- **TASK DIRECTIONS**
Copy every record below exactly, leaving out any pictures.

*** Opening EXCERPTED RECORDS ***

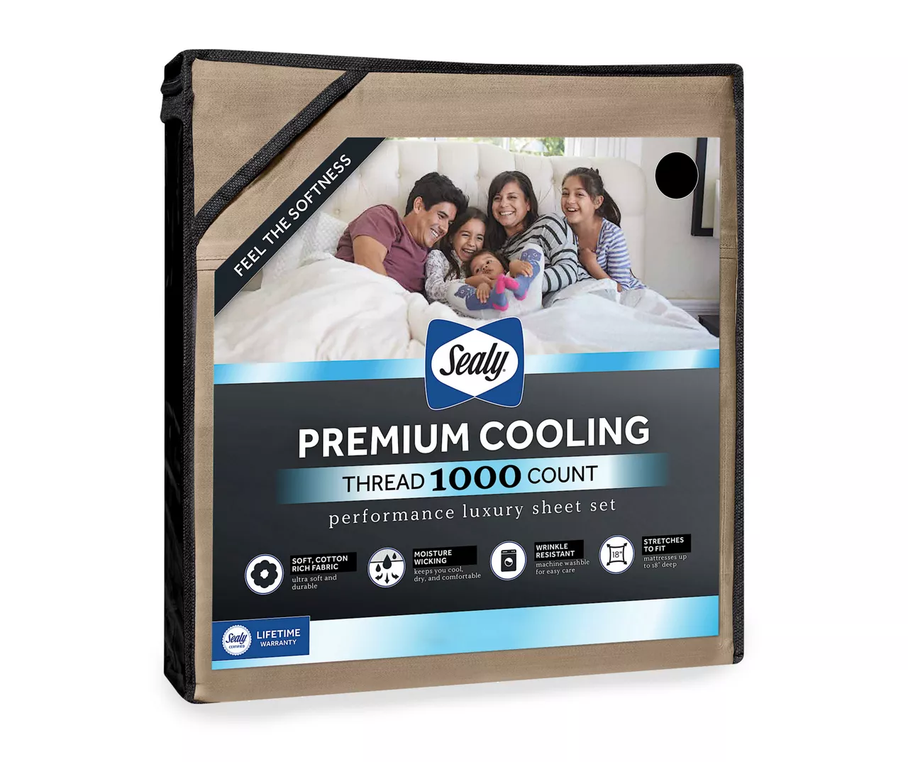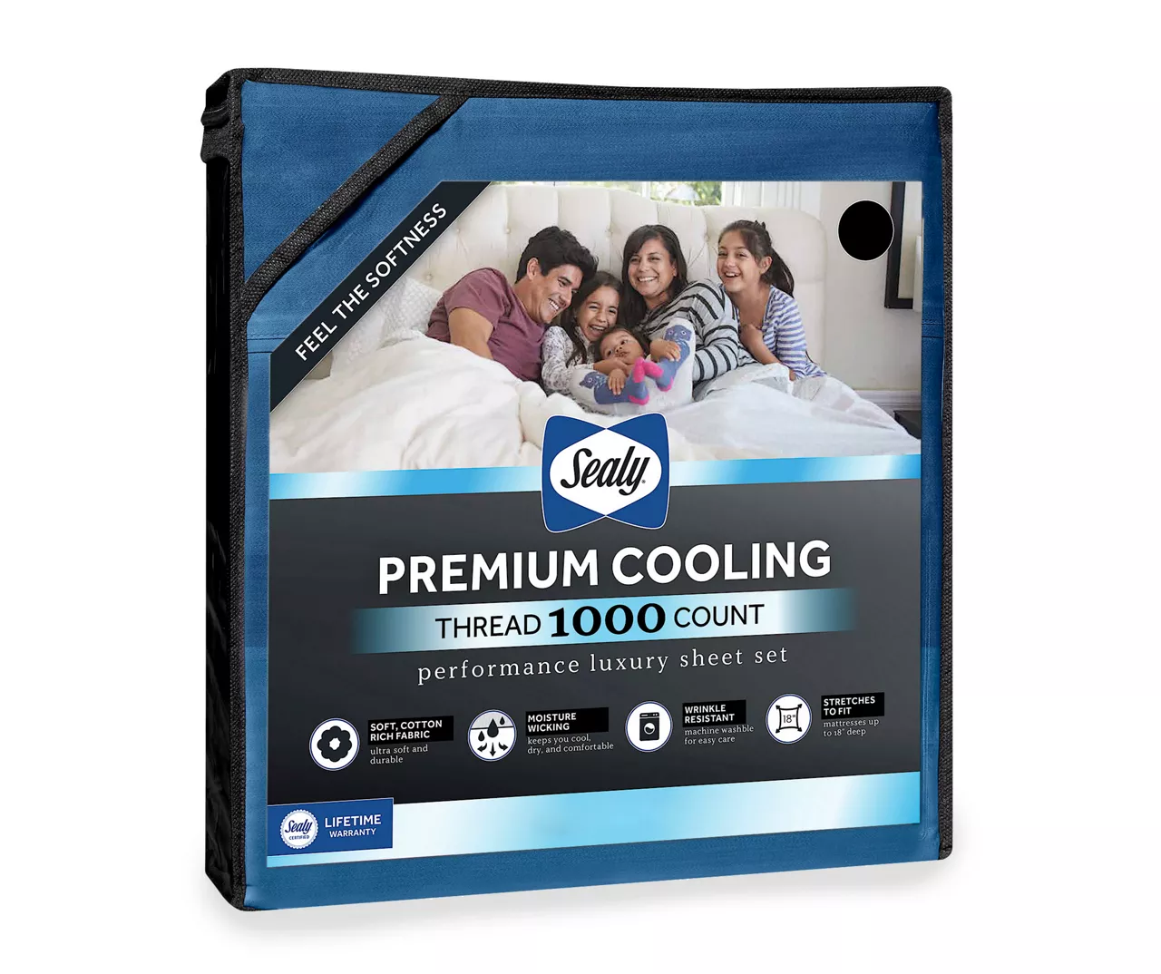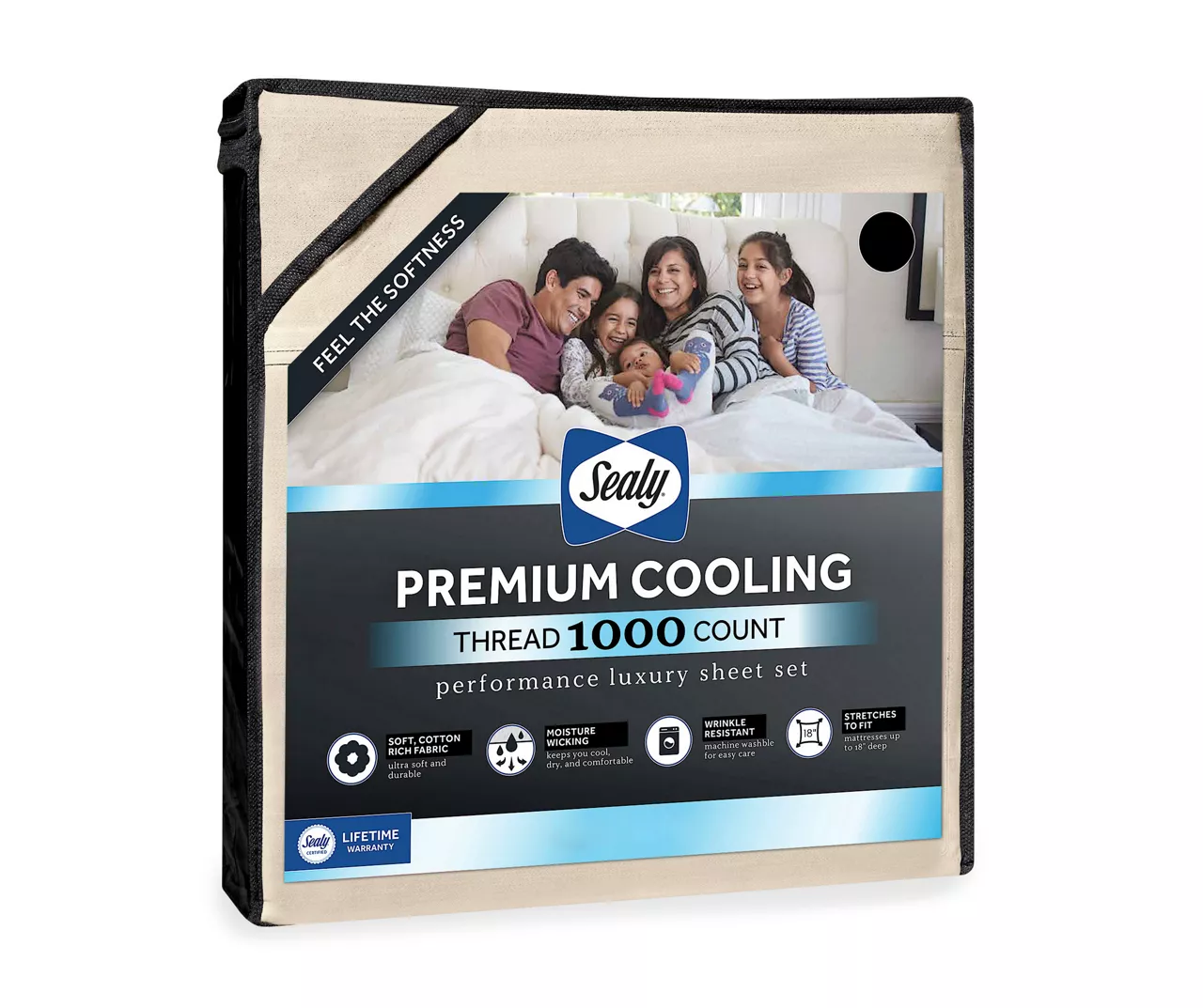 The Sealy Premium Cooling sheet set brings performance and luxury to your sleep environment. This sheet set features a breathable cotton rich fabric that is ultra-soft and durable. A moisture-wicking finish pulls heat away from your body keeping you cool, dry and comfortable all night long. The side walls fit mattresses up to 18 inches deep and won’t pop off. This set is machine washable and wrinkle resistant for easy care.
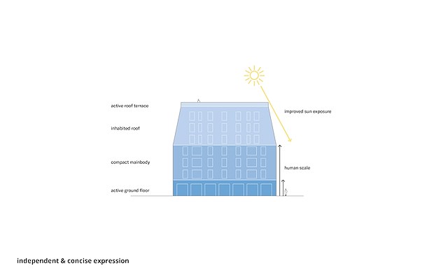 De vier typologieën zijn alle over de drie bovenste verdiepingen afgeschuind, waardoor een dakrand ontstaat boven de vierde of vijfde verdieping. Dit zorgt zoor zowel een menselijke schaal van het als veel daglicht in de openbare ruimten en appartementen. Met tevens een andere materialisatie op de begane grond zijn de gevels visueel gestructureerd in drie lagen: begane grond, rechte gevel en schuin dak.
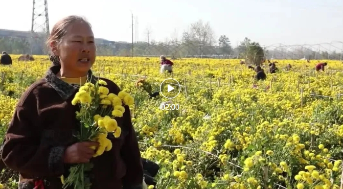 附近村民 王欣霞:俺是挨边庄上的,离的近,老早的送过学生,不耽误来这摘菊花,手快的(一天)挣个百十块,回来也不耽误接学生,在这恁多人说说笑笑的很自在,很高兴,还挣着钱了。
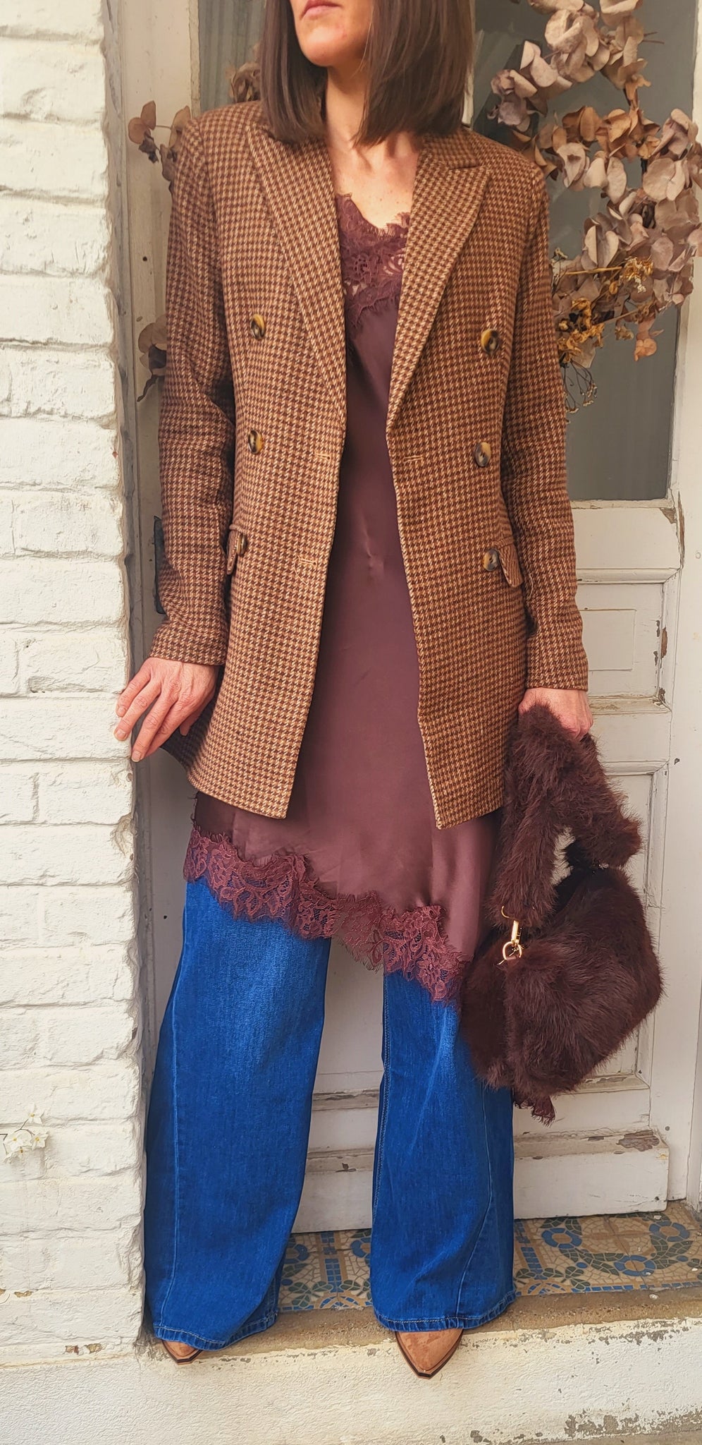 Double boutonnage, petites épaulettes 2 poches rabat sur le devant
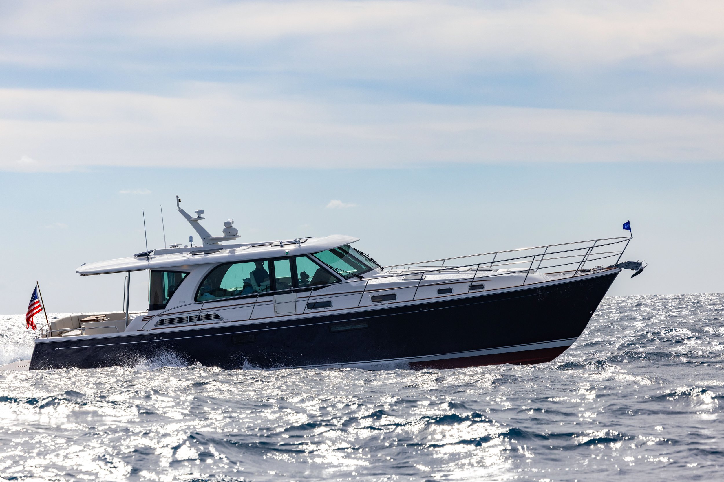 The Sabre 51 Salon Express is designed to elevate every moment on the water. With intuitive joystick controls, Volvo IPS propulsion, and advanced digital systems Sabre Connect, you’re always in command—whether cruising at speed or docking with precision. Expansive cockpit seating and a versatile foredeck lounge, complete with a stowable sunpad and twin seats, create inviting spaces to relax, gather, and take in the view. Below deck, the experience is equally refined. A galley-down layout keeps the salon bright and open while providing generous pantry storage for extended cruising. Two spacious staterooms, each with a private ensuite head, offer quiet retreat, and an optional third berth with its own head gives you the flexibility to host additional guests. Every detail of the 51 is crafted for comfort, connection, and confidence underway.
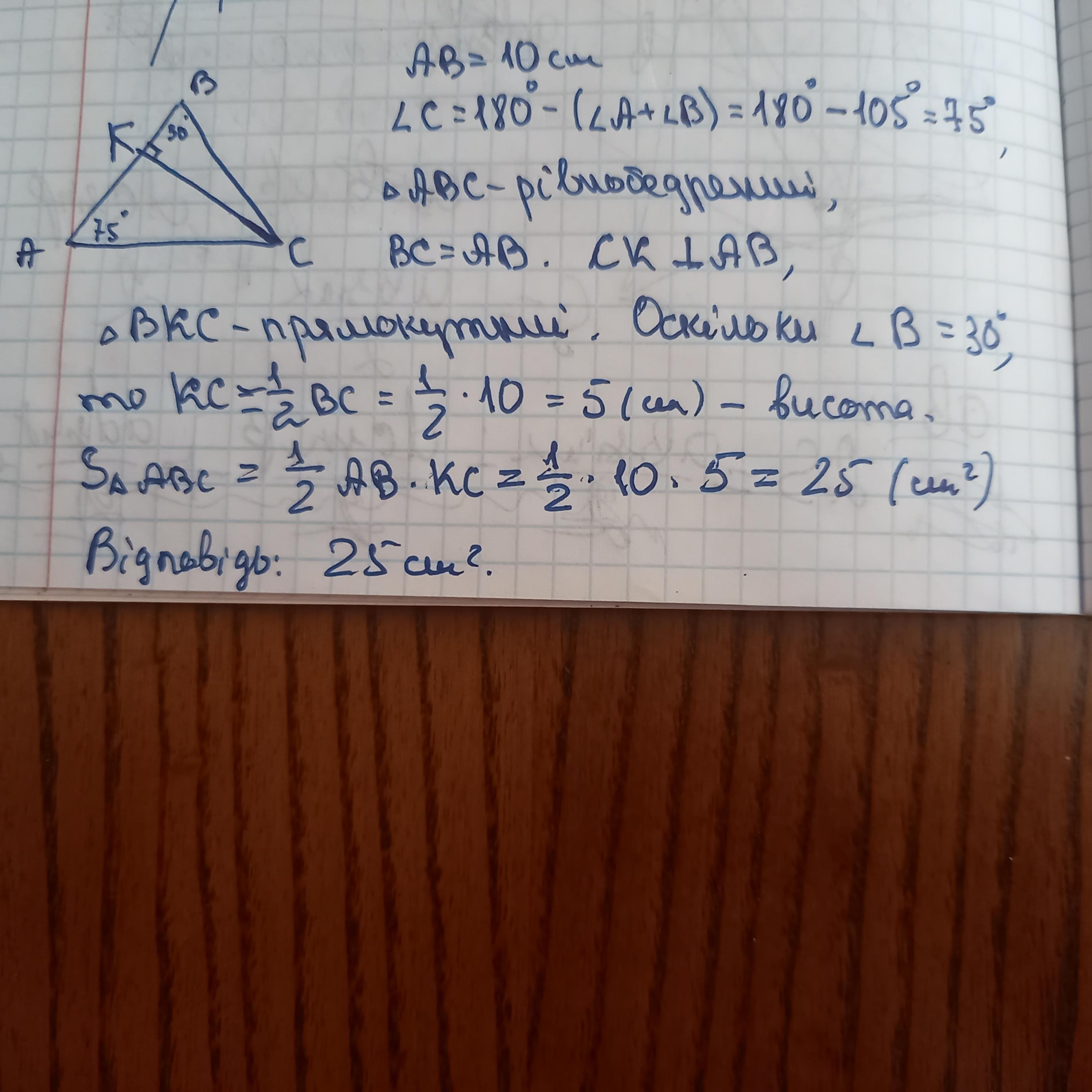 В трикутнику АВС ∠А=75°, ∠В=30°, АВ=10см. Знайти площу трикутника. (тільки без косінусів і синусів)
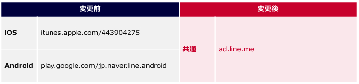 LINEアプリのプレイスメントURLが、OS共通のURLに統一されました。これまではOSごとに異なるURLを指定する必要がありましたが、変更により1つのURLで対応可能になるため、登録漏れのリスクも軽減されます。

*** Closing EXCERPTED RECORDS ***

- **OUTPUT OF THE EXERCISE**
 The Sealy Premium Cooling sheet set brings performance and luxury to your sleep environment. This sheet set features a breathable cotton rich fabric that is ultra-soft and durable. A moisture-wicking finish pulls heat away from your body keeping you cool, dry and comfortable all night long. The side walls fit mattresses up to 18 inches deep and won’t pop off. This set is machine washable and wrinkle resistant for easy care.
 De vier typologieën zijn alle over de drie bovenste verdiepingen afgeschuind, waardoor een dakrand ontstaat boven de vierde of vijfde verdieping. Dit zorgt zoor zowel een menselijke schaal van het als veel daglicht in de openbare ruimten en appartementen. Met tevens een andere materialisatie op de begane grond zijn de gevels visueel gestructureerd in drie lagen: begane grond, rechte gevel en schuin dak.
 附近村民 王欣霞:俺是挨边庄上的,离的近,老早的送过学生,不耽误来这摘菊花,手快的(一天)挣个百十块,回来也不耽误接学生,在这恁多人说说笑笑的很自在,很高兴,还挣着钱了。
 Double boutonnage, petites épaulettes 2 poches rabat sur le devant
 The Sabre 51 Salon Express is designed to elevate every moment on the water. With intuitive joystick controls, Volvo IPS propulsion, and advanced digital systems Sabre Connect, you’re always in command—whether cruising at speed or docking with precision. Expansive cockpit seating and a versatile foredeck lounge, complete with a stowable sunpad and twin seats, create inviting spaces to relax, gather, and take in the view. Below deck, the experience is equally refined. A galley-down layout keeps the salon bright and open while providing generous pantry storage for extended cruising. Two spacious staterooms, each with a private ensuite head, offer quiet retreat, and an optional third berth with its own head gives you the flexibility to host additional guests. Every detail of the 51 is crafted for comfort, connection, and confidence underway.
 В трикутнику АВС ∠А=75°, ∠В=30°, АВ=10см. Знайти площу трикутника. (тільки без косінусів і синусів)
 LINEアプリのプレイスメントURLが、OS共通のURLに統一されました。これまではOSごとに異なるURLを指定する必要がありましたが、変更により1つのURLで対応可能になるため、登録漏れのリスクも軽減されます。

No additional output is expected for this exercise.